Die besten Erträge werden beim Anbau in Mischkulturen - in Symbiose mit Bäumen und Pflanzen - erzielt. So wurde die Pflanze schon von den alten Mayas angebaut. Diese Art des Anbaus dient nicht nur bei der Aloe-Vera-Pflanzen dazu, auch auf Unkrautvernichtungs-, Dünge- und Schädlingsbekämpfungsmittel zu verzichten.

Beim Anbau in tropischen Regionen (Regenwald) ist aufgrund der hohen Luftfeuchtigkeit eine künstliche Bewässerung nicht erforderlich.

Erst nach 3 bis 5 Jahren sind die Wirkstoffe in der Pflanze voll ausgeprägt. Dann kann Sie geerntet und weiterverarbeitet werden. Es wird niemals die gesamte Pflanze geerntet, sondern nur die äußeren Blätter, die mit einem sauberen und vorsichtigen Schnitt von der Pflanze abgetrennt werden. Ca. alle zwei Monate können drei bis vier Blätter einer Pflanze vom Ansatz her abgetrennt werden. Dabei hat jedes Blatt ein ungefähres Gewicht von gut einem Pfund. Wichtig ist, daß mindestens 12 Blätter am Stoch zurückbleiben, damit eine Pflanze zwischen acht und zehn Jahren genutzt werden kann.

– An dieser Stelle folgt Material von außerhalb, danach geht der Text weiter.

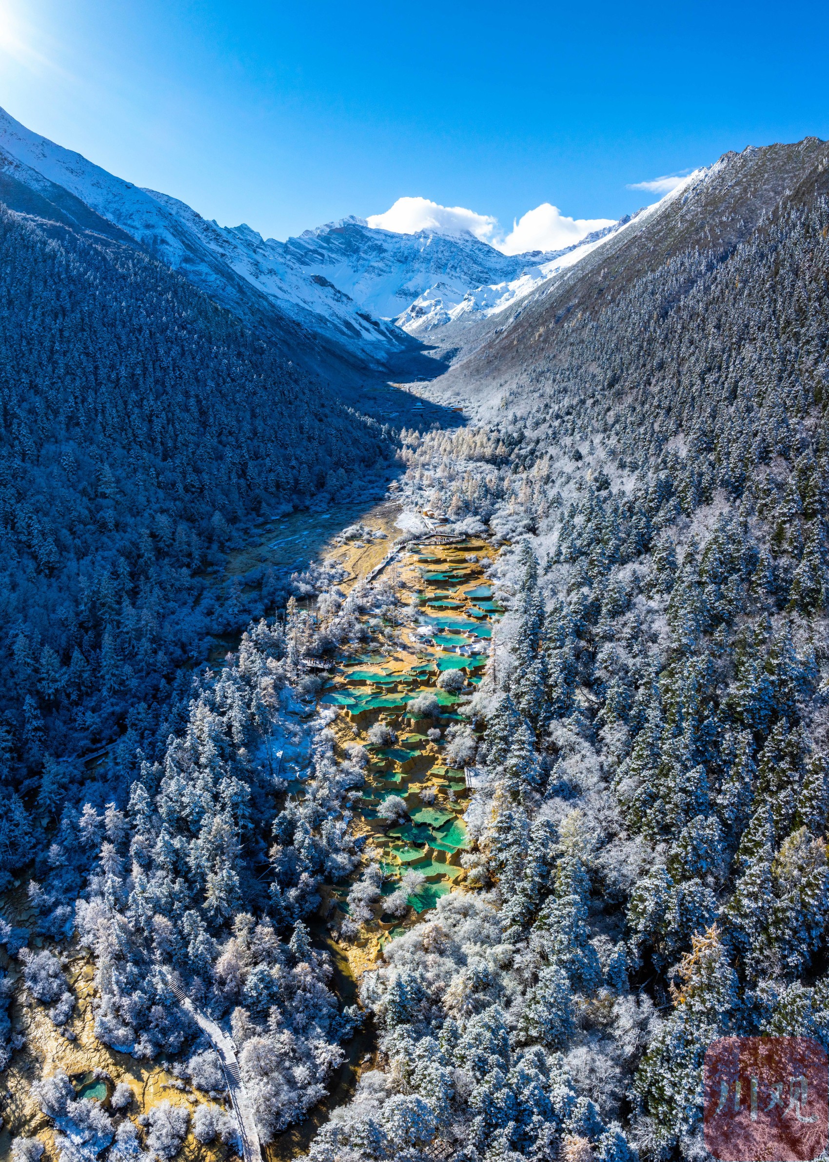 1月6日,航拍雪后的黄龙景区。

Die Bauern in den meisten Anbauregionen kennen sich schon seit Generationen mit dem Anbau und der Verarbeitung der Pflanzen aus. Um einen besseren Ertrag bei der Ernte zu erzielen, werden am Besten die Mondphasen mitberücksichtigt. In den Tropen kann so etwa alle vier Wochen geerntet werden.

Zur Ernte schneidet man mit einem Messer ein Blatt am Grund an und zieht es vorsichtig ab. Die Schnittflächen verschließen sich dann innerhalb weniger Stunden, dadurch sind die Aloeblätter mehrere Monate in der Wohnung haltbar.